(Records for the exercise)
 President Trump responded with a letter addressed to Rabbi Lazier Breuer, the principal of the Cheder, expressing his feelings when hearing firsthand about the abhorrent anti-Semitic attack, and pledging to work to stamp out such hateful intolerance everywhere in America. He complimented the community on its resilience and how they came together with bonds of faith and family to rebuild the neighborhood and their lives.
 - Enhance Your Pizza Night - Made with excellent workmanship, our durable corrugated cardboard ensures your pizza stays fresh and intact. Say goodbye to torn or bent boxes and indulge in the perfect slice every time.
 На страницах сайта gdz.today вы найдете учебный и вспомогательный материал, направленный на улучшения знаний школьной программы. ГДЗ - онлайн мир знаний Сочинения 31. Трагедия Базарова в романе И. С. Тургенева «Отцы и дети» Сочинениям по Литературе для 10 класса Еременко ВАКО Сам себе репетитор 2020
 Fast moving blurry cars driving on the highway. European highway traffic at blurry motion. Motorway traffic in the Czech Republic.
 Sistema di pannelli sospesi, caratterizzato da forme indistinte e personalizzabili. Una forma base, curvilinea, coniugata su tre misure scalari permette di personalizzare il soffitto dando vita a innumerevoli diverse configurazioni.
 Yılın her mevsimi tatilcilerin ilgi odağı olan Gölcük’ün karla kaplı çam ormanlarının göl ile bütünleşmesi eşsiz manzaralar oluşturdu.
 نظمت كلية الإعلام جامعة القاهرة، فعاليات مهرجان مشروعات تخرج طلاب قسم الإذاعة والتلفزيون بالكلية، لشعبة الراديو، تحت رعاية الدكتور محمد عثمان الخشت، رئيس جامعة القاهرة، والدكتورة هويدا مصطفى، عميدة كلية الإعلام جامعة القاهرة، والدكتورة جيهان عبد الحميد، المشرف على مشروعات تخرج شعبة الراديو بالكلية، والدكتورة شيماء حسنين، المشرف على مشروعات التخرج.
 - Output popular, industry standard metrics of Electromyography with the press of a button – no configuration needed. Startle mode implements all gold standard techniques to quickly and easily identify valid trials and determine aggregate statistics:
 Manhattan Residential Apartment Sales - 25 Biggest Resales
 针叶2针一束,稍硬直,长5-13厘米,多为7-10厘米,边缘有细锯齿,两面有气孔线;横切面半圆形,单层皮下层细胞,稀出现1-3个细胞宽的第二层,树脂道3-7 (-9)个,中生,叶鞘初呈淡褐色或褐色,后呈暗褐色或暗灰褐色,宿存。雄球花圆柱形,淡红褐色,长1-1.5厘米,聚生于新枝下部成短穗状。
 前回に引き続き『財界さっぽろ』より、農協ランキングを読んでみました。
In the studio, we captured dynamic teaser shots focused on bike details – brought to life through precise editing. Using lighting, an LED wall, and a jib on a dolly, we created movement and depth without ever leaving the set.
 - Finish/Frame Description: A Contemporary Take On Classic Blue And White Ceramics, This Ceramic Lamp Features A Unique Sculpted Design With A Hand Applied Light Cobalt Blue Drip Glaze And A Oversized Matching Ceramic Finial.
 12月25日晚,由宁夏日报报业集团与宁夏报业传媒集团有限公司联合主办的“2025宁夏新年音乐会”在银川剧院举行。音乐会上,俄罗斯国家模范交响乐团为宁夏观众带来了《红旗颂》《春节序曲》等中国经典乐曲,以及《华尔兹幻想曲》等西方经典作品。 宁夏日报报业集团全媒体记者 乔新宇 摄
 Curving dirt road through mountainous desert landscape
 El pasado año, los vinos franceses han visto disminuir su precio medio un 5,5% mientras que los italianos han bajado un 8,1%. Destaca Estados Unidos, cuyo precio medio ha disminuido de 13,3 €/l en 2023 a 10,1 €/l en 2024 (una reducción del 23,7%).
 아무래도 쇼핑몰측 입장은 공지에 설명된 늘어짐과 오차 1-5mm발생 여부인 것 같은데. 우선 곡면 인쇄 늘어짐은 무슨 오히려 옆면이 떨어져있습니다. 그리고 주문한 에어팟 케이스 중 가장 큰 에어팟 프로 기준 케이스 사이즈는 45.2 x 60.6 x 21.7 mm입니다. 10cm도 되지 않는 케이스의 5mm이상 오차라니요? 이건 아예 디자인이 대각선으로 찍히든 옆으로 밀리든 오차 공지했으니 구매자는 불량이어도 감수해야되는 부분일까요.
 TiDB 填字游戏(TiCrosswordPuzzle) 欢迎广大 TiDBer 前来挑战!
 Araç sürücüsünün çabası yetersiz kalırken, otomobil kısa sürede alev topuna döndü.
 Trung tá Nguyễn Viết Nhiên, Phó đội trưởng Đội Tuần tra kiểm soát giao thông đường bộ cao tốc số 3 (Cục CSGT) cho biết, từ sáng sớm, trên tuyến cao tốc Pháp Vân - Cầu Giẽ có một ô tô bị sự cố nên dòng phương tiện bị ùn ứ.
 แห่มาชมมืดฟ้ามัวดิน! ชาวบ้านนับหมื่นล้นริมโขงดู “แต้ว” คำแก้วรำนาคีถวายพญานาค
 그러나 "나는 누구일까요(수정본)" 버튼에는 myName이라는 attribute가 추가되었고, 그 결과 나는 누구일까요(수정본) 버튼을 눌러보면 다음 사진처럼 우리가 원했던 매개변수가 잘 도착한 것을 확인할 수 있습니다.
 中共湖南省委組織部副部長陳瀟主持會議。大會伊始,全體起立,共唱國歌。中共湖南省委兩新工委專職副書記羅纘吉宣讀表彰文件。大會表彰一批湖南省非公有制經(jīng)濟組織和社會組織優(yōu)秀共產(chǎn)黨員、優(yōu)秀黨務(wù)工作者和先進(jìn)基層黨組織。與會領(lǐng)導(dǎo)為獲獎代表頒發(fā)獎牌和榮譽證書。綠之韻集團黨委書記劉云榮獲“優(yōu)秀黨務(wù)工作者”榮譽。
(End Records for the exercise)
Description of the task »
Retype the data shown above so that each line matches the original.

Solution to the problem »
 President Trump responded with a letter addressed to Rabbi Lazier Breuer, the principal of the Cheder, expressing his feelings when hearing firsthand about the abhorrent anti-Semitic attack, and pledging to work to stamp out such hateful intolerance everywhere in America. He complimented the community on its resilience and how they came together with bonds of faith and family to rebuild the neighborhood and their lives.
 - Enhance Your Pizza Night - Made with excellent workmanship, our durable corrugated cardboard ensures your pizza stays fresh and intact. Say goodbye to torn or bent boxes and indulge in the perfect slice every time.
 На страницах сайта gdz.today вы найдете учебный и вспомогательный материал, направленный на улучшения знаний школьной программы. ГДЗ - онлайн мир знаний Сочинения 31. Трагедия Базарова в романе И. С. Тургенева «Отцы и дети» Сочинениям по Литературе для 10 класса Еременко ВАКО Сам себе репетитор 2020
 Fast moving blurry cars driving on the highway. European highway traffic at blurry motion. Motorway traffic in the Czech Republic.
 Sistema di pannelli sospesi, caratterizzato da forme indistinte e personalizzabili. Una forma base, curvilinea, coniugata su tre misure scalari permette di personalizzare il soffitto dando vita a innumerevoli diverse configurazioni.
 Yılın her mevsimi tatilcilerin ilgi odağı olan Gölcük’ün karla kaplı çam ormanlarının göl ile bütünleşmesi eşsiz manzaralar oluşturdu.
 نظمت كلية الإعلام جامعة القاهرة، فعاليات مهرجان مشروعات تخرج طلاب قسم الإذاعة والتلفزيون بالكلية، لشعبة الراديو، تحت رعاية الدكتور محمد عثمان الخشت، رئيس جامعة القاهرة، والدكتورة هويدا مصطفى، عميدة كلية الإعلام جامعة القاهرة، والدكتورة جيهان عبد الحميد، المشرف على مشروعات تخرج شعبة الراديو بالكلية، والدكتورة شيماء حسنين، المشرف على مشروعات التخرج.
 - Output popular, industry standard metrics of Electromyography with the press of a button – no configuration needed. Startle mode implements all gold standard techniques to quickly and easily identify valid trials and determine aggregate statistics:
 Manhattan Residential Apartment Sales - 25 Biggest Resales
 针叶2针一束,稍硬直,长5-13厘米,多为7-10厘米,边缘有细锯齿,两面有气孔线;横切面半圆形,单层皮下层细胞,稀出现1-3个细胞宽的第二层,树脂道3-7 (-9)个,中生,叶鞘初呈淡褐色或褐色,后呈暗褐色或暗灰褐色,宿存。雄球花圆柱形,淡红褐色,长1-1.5厘米,聚生于新枝下部成短穗状。
 前回に引き続き『財界さっぽろ』より、農協ランキングを読んでみました。
In the studio, we captured dynamic teaser shots focused on bike details – brought to life through precise editing. Using lighting, an LED wall, and a jib on a dolly, we created movement and depth without ever leaving the set.
 - Finish/Frame Description: A Contemporary Take On Classic Blue And White Ceramics, This Ceramic Lamp Features A Unique Sculpted Design With A Hand Applied Light Cobalt Blue Drip Glaze And A Oversized Matching Ceramic Finial.
 12月25日晚,由宁夏日报报业集团与宁夏报业传媒集团有限公司联合主办的“2025宁夏新年音乐会”在银川剧院举行。音乐会上,俄罗斯国家模范交响乐团为宁夏观众带来了《红旗颂》《春节序曲》等中国经典乐曲,以及《华尔兹幻想曲》等西方经典作品。 宁夏日报报业集团全媒体记者 乔新宇 摄
 Curving dirt road through mountainous desert landscape
 El pasado año, los vinos franceses han visto disminuir su precio medio un 5,5% mientras que los italianos han bajado un 8,1%. Destaca Estados Unidos, cuyo precio medio ha disminuido de 13,3 €/l en 2023 a 10,1 €/l en 2024 (una reducción del 23,7%).
 아무래도 쇼핑몰측 입장은 공지에 설명된 늘어짐과 오차 1-5mm발생 여부인 것 같은데. 우선 곡면 인쇄 늘어짐은 무슨 오히려 옆면이 떨어져있습니다. 그리고 주문한 에어팟 케이스 중 가장 큰 에어팟 프로 기준 케이스 사이즈는 45.2 x 60.6 x 21.7 mm입니다. 10cm도 되지 않는 케이스의 5mm이상 오차라니요? 이건 아예 디자인이 대각선으로 찍히든 옆으로 밀리든 오차 공지했으니 구매자는 불량이어도 감수해야되는 부분일까요.
 TiDB 填字游戏(TiCrosswordPuzzle) 欢迎广大 TiDBer 前来挑战!
 Araç sürücüsünün çabası yetersiz kalırken, otomobil kısa sürede alev topuna döndü.
 Trung tá Nguyễn Viết Nhiên, Phó đội trưởng Đội Tuần tra kiểm soát giao thông đường bộ cao tốc số 3 (Cục CSGT) cho biết, từ sáng sớm, trên tuyến cao tốc Pháp Vân - Cầu Giẽ có một ô tô bị sự cố nên dòng phương tiện bị ùn ứ.
 แห่มาชมมืดฟ้ามัวดิน! ชาวบ้านนับหมื่นล้นริมโขงดู “แต้ว” คำแก้วรำนาคีถวายพญานาค
 그러나 "나는 누구일까요(수정본)" 버튼에는 myName이라는 attribute가 추가되었고, 그 결과 나는 누구일까요(수정본) 버튼을 눌러보면 다음 사진처럼 우리가 원했던 매개변수가 잘 도착한 것을 확인할 수 있습니다.
 中共湖南省委組織部副部長陳瀟主持會議。大會伊始,全體起立,共唱國歌。中共湖南省委兩新工委專職副書記羅纘吉宣讀表彰文件。大會表彰一批湖南省非公有制經(jīng)濟組織和社會組織優(yōu)秀共產(chǎn)黨員、優(yōu)秀黨務(wù)工作者和先進(jìn)基層黨組織。與會領(lǐng)導(dǎo)為獲獎代表頒發(fā)獎牌和榮譽證書。綠之韻集團黨委書記劉云榮獲“優(yōu)秀黨務(wù)工作者”榮譽。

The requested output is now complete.